You just go back to measuring some more, comparing result with result, performance with performance, today with yesterday, pretty much entirely ignoring the reality of the present moment.
Even more worryingly, this can encroach on the kind of meditation where you observe your thoughts, feelings, sensations. The experience of standing back, gaining awareness, not identifying with what’s going on inside is great. But once you give a little too much energy to the observer, and that monitoring process kicks in, and you sink just a tad too much energy into it, you’ve lost the point.
That’s when I need to lean right back into the breath, the thoughts, the feelings, the steps, the sleep, the being, again, and feel the wholeness.

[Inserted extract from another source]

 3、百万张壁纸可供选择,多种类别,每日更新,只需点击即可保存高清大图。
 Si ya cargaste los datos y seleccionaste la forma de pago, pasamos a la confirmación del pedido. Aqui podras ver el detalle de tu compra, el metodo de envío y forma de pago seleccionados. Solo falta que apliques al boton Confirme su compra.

Feeling the wholeness isn’t the same as identifying with.
There’s no need to worry. It’s just being — the measuring and what is measured being together. They move together — sometimes one separates out a little for a while, and the attention naturally moves there. Then it moves back again. What’s dangerous for your energy is when it gets stuck on one side or the other, when there’s no movement. And gravity seems to be on the side of monitoring.
Being caught in monitoring could be the very definition of anxiety. The mind clenches on to that process and the process clenches back on to the mind.
All the energy gets stuck.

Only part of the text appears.